The light emitting device 40 has a vertical electrode structure and is electrically connected to the first and the second conductive patterns 20 and 30. Power is supplied to the light emitting device 40 via the first and second conductive patterns 20 and 30, and light from the light emitting device 40 is emitted to the outside.
As described above, the light emitting device 40 is directly installed in the cavity formed on the heat dissipating substrate 10. Also, the heat dissipating substrate is made of metal. Thereby, the size and number of components and manufacturing processes may be reduced, and a heat dissipating function is improved as compared to a conventional structure of a light emitting device package in which a light emitting device is separately installed to an additional metal core printed circuit board (MCPCB).
In conventional technology, a light emitting device package, in which the light emitting device is separately installed, is installed on the additional MCPCB, and heat generated from the light emitting device is transferred to the MCPCB via a thermal interface material (TIM) and emitted. In the present exemplary embodiment, the light emitting device 40 is directly installed in the cavity 11, formed on the heat dissipating substrate 10, and heat generated by the light emitting device 40 can be directly radiated by the heat dissipating substrate 10, thereby reducing the number of the components and the manufacturing processes. Also, the light emitting device package is formed of materials having a high thermal conductivity, thereby embodying a notably low heat resistance and improving the heat dissipating function.

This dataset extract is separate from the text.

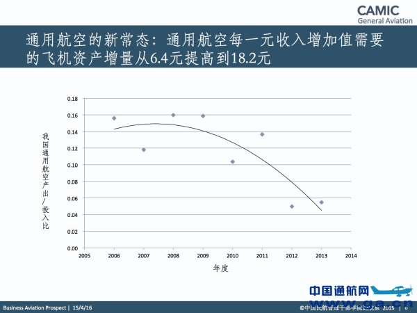 三、商务航空已进入“新常态” 包括商务航空在内的我国通用航空已经进入新常态: 根据中国民航管理干部学院通用航空系的研究发现,从2007年到2013年,我国每一元通用航空收入增长,需要的资本形成(新增飞机购买成本),已经从6.4元快速增长到18.2元。 目前我国公务机平均的年利用率低于150小时,仅为全球平均水平的一半。公务机行业与通用航空其它领域一样,应该从粗放的产能投入转向提高经营效率的集约化发展方式转变。

The first conductive pattern 20 formed on the bottom surface and the inner side of the cavity 11 functions as a conductor as well as a reflector and a process of patterning the inside of the cavity 11 is excluded, thereby facilitating manufacturing, and improving a reflection property because the entire surface of the cavity 11 can be used as a reflective surface.
FIG. 7 is a perspective view illustrating a light emitting device package according to a fourth exemplary embodiment of the present invention.
In the previous exemplary embodiments, the cavity 11 is formed in the shape of a circular truncated cone having a cross-section which expands toward the top. According to circumstances, as shown in FIG. 7, the cavity 11 may be formed in the shape of a frustum of a pyramid having a cross-section which expands toward the top.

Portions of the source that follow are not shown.